I failed to find the "comprehensive study by the Medical Education Trust". Is it "War Crime and Medicine"? Where can I get this study, how is it titled, in which form was it published?
According to Pilger, iraqbodycount.net would be "up to 10,000" dead civilians. On the net, later in time, I read between 5570 min. and 7243 max. Pilger adds that this is "likely to be an extremely conservative figure". Well, that must be why he corrected his version beforehand.
It was All About Oil; and it is still about Oil.
So US/UK are going to stay in Iraq till Iraq runs out of Oil. Looks like it is a going to be war for next 25 years or so.
Idem, to some extent, for depleted uranium. As he doesn't find any good figures (no cancer could be demonstrated yet to be due to uranium, natural or depleted [= less radioactive than natural uranium]), Pilger says that a certain quantity of it "if inhaled or ingested, would cause 500,000 deaths". Uranium is indeed poisonous as a heavy metal and sure is a real concern as such, but the WHO states that "No study has established a link between exposure to DU and the onset of cancers or congenital abnormalities" (this paper and other ones at www.who.int/ionizing_radiation/pub_meet/ir_pub/en), which is what is supposed to have happened in Iraq. I don't have the final word on that issue, but I doubt that Pilger does.
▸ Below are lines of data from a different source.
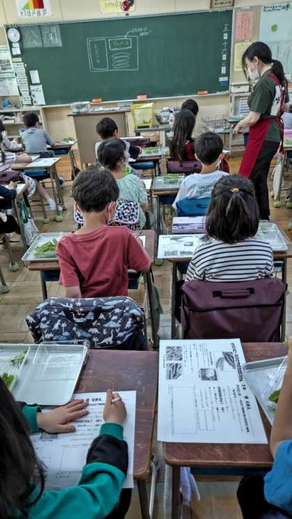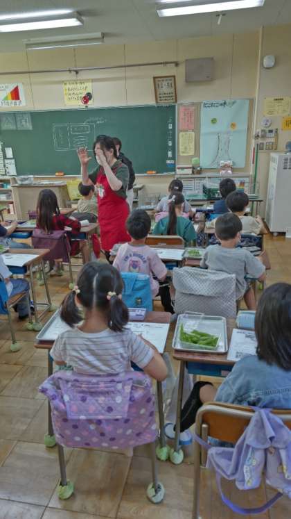 「グリンピースのさやむきたいけん」を2年生がしています。今日の給食は「グリンピースごはん」です。2年生のむいたグリンピースが使われます。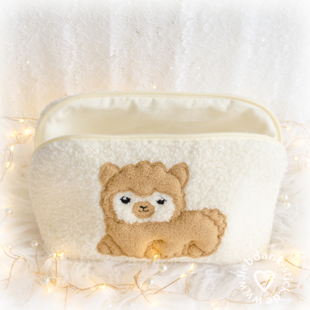 Wichtig zu wissen: Das Gesicht des Alpakas wird nicht appliziert. Das bedeutet, dass die Farbe des Taschenstoffs gleichzeitig die Gesichtsfarbe des Alpakas wird. Deshalb lohnt es sich, einen Stoff auszuwählen, dessen Farbton gut zu einem süßen Alpaka-Gesicht passt.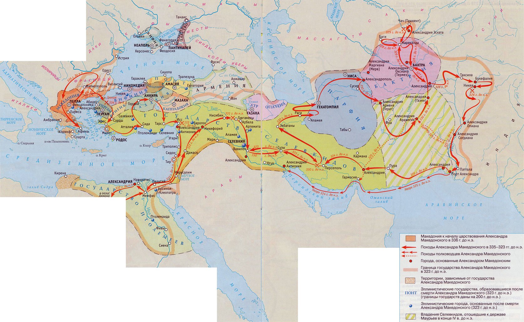 Победа под Арбелами открыла путь в центральные области державы Ахеменидов и положила начало ее распаду. Отложив преследование Дария, Александр повел армию в Вавилон и Сузы, сдавшиеся ему без сопротивления. В Сузах была захвачена царская казна[14] и прочее царское имущество, среди которого и ценности, вывезенные из Греции во время греко-персидских войн[15]. Лишь на пути в Персеполь и Пасаргады, древние столицы персов, македонские войска встретили некоторое сопротивление. Захватив хранившиеся здесь богатства, Александр сжег царский дворец в Персеполе – знаменитый памятник персидского зодчества и символ могущества Ахеменидов, как объясняет Арриан, в возмездие за разрушение Афин и сожжение храмов во время греко-персидских войн. Подчинив важнейшие центры Персидской державы, Александр направился в Мидию к Экбатанам, где Дарий пытался снова собрать войска, чтобы приостановить вторжение в северные и восточные сатрапии, но из-за разногласий среди его военачальников и свиты это ему не удалось. Упорно преследуемый Александром, он бежал в Гирканию и там был убит низложившими его сатрапами; преемником Дария был провозглашен Бесс, сатрап Бактрии.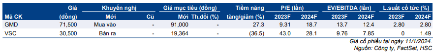 GMD: HSC duy trì khuyến nghị Mua vào đối với GMD, lựa chọn hàng đầu của chúng tôi, đồng thời giữ nguyên giá mục tiêu là 91.000đ, tương đương tiềm năng tăng giá 27%. Sau khi giá cổ phiếu tăng 8% trong 3 tháng qua, GMD đang giao dịch với P/E trượt dự phóng 1 năm là 20 lần, cao hơn một chút so với bình quân 4 năm ở mức 17,3 lần nhưng chúng tôi tin rằng GMD xứng đáng được định giá lại ở mặt bằng cao hơn nhờ triển vọng lợi nhuận tăng trưởng mạnh mẽ & bền vững.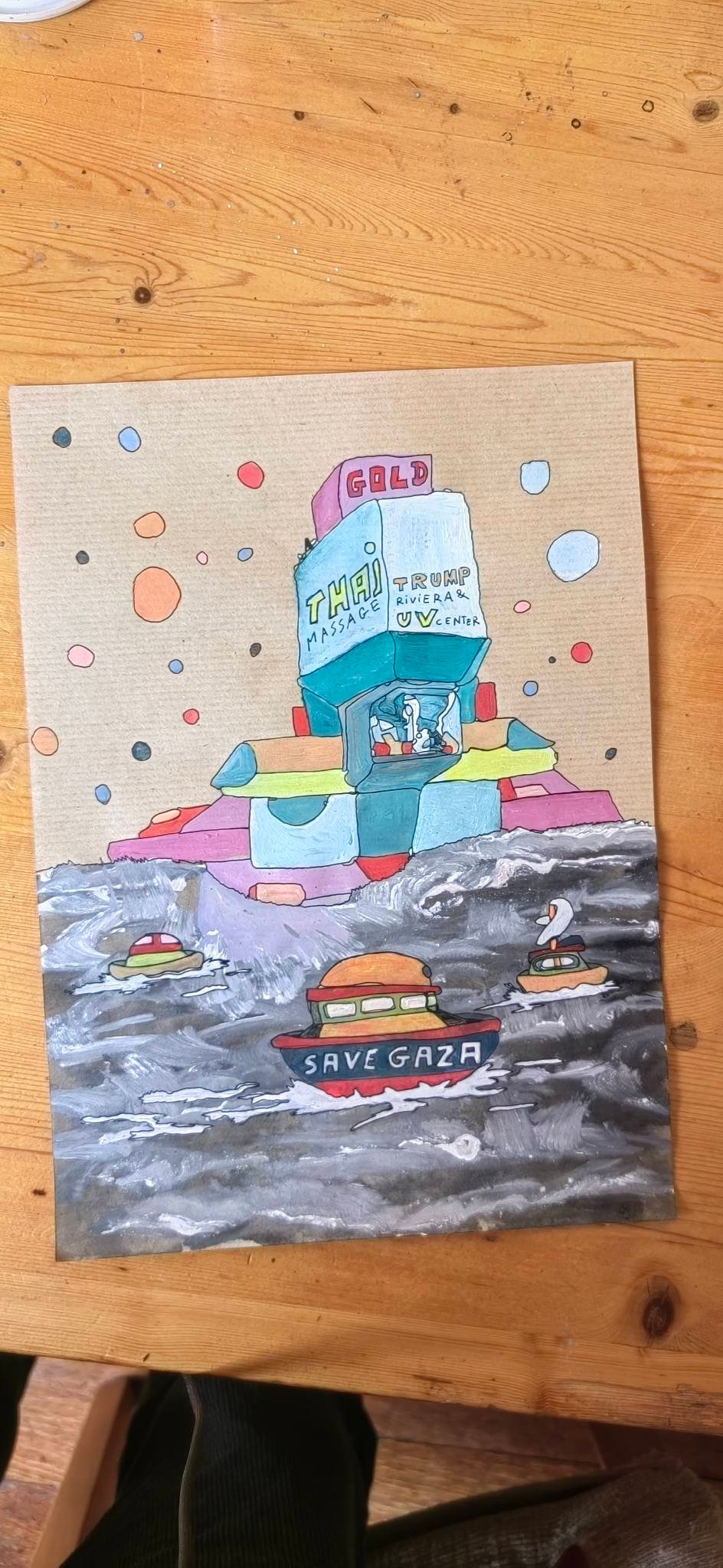 Critique sociale : L’ironie est son scalpel. Le bâtiment imaginaire « Thai Massage / Trump Riviera » devient le symbole d’une décadence consumériste, juxtaposant le luxe obscène et le tourisme de masse sur fond de crise mondiale.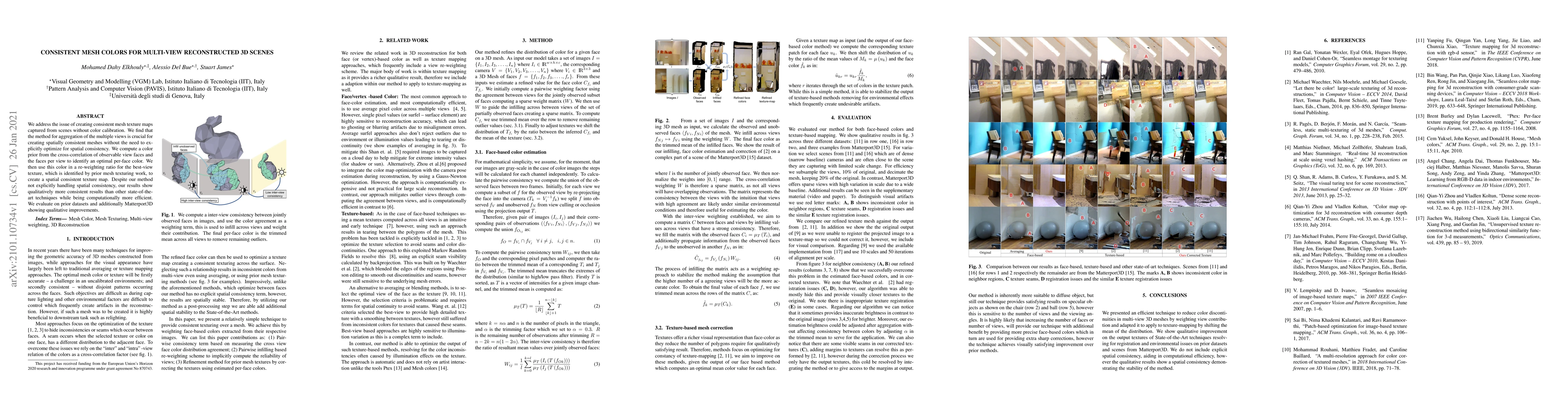 This research presents a method for creating consistent mesh color maps from multi-view 3D scene reconstructions without color calibration. It uses cross-correlation of view faces to compute a color prior and re-weights the best-view texture for spatial consistency, outperforming current techniques in consistency and efficiency.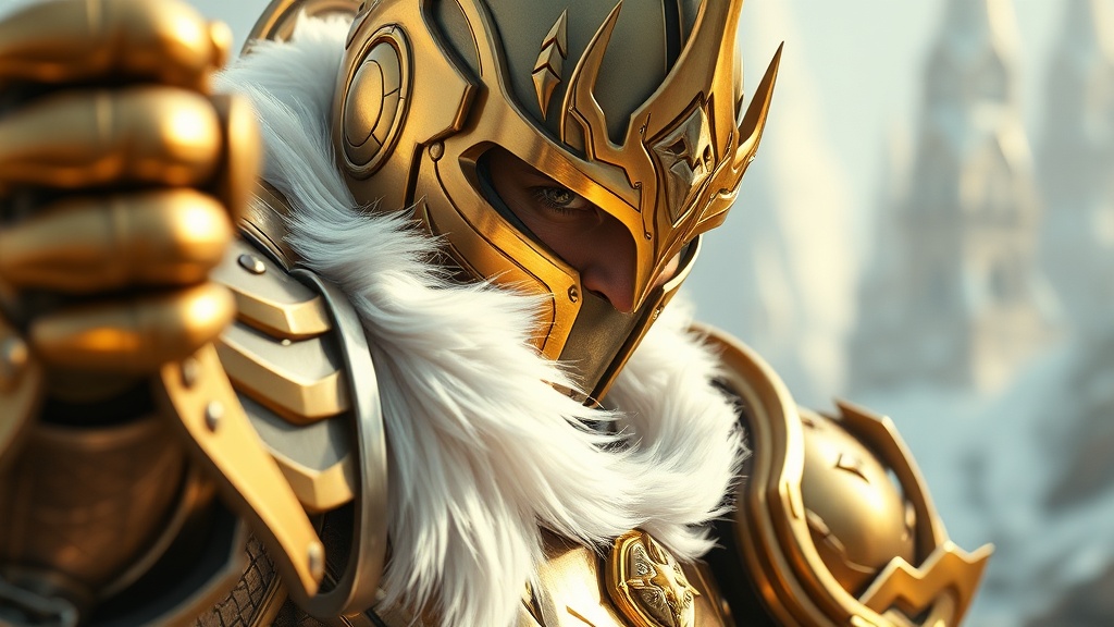 A noble knight of the highest order, dynamically poised in the midst of a grand battle, depicted in the ultra-realistic rendering style of Unreal Engine. Their armor gleams with an opulent dark gold intertwined with pristine white, exuding a regal aura. The close-up shot showcases the intense focus in the knight's eyes, while metallic finishes catch glints of ethereal light. The scene is set in a mesmerizing aurorapunk world, where cinematic vistas provide a breathtaking backdrop. Drawing inspiration from the furaffinity aesthetic, the environment melds organic elements with advanced technology, enhancing the knight's bold presence. The aspect ratio of 71:63 adds a unique visual flair to the composition.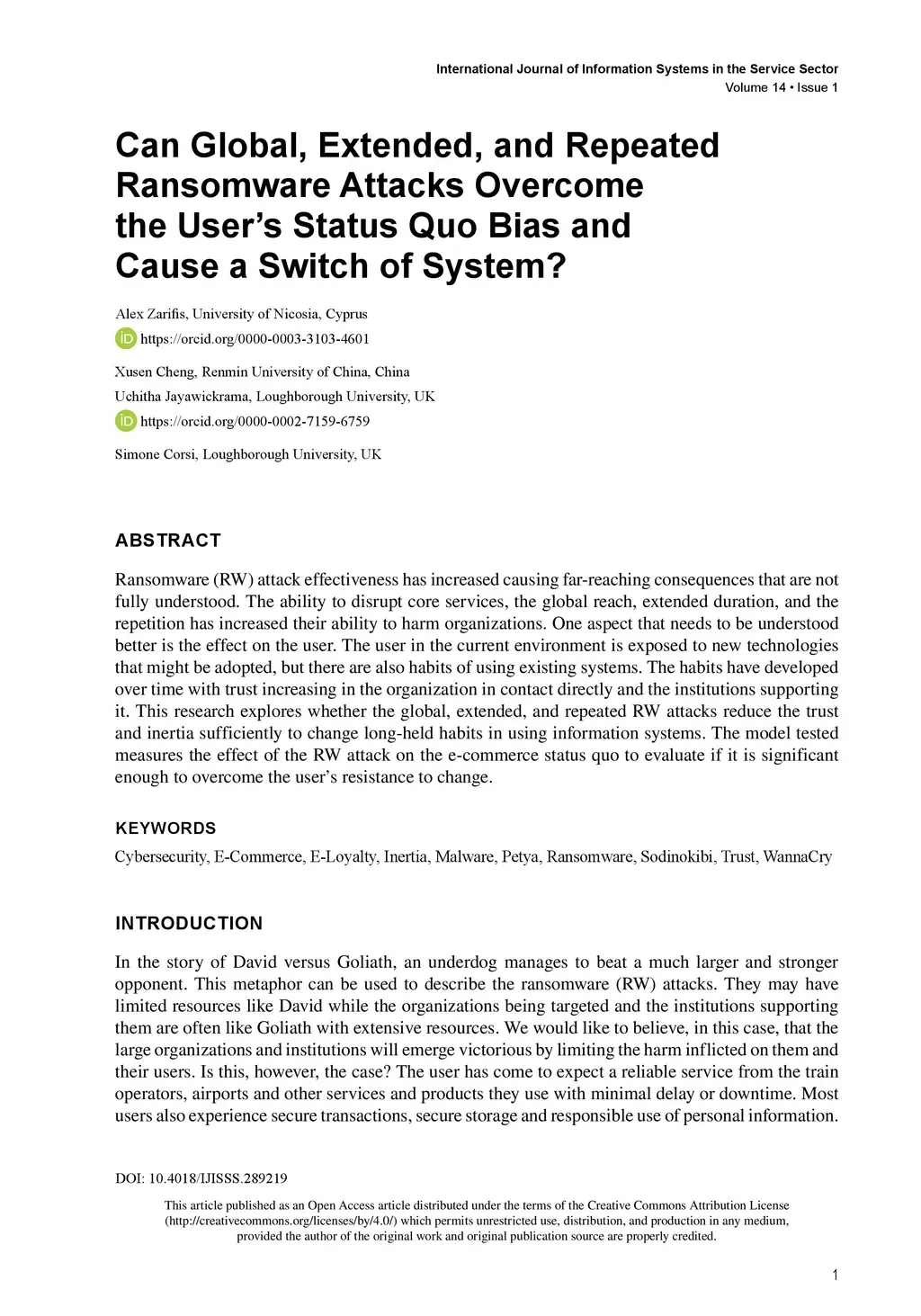 Ransomware attack effectiveness has increased causing far reaching consequences that are not fully understood. The ability to disrupt core services, the global reach, extended duration, and the repetition has increased their ability to harm organizations. One aspect that needs to be understood better is the effect on the user. The user in the current environment is exposed to new technologies that might be adopted, but there are also habits of using existing systems. The habits have developed over time with trust increasing in the organization in contact directly and the institutions supporting it. This research explores whether the global, extended, and repeated RW attacks reduce the trust and inertia sufficiently to change long-held habits in using information systems. The model tested measures the effect of the RW attack on the e-commerce status quo to evaluate if it is significant enough to overcome the users resistance to change.

Have some "unexploded cluster bomb made in USA" already made victims in the "homes and streets" of Iraqis, as you get the impression reading this article? Well, Pilger only says he found "ragged notices warning people about it". You have to work with what you find indeed.
For the rest, we have to admit that the embargo was nastily "enforced with enthusiasm" by Tony Blair, as though Mr. Blair would fixedly grin thinking of the suffering of sick Iraqi children. Who is sick here?
Obviously, for John Pilger, the results justify the means. And he might very well be right in this specific realm. It is a dirty job to argue against him, because he is talented and he is right to condemn wars and, in the last analysis, all war-supporters. But what about those who just copy and publish away his stuff as if it was the whole truth and nothing but the truth?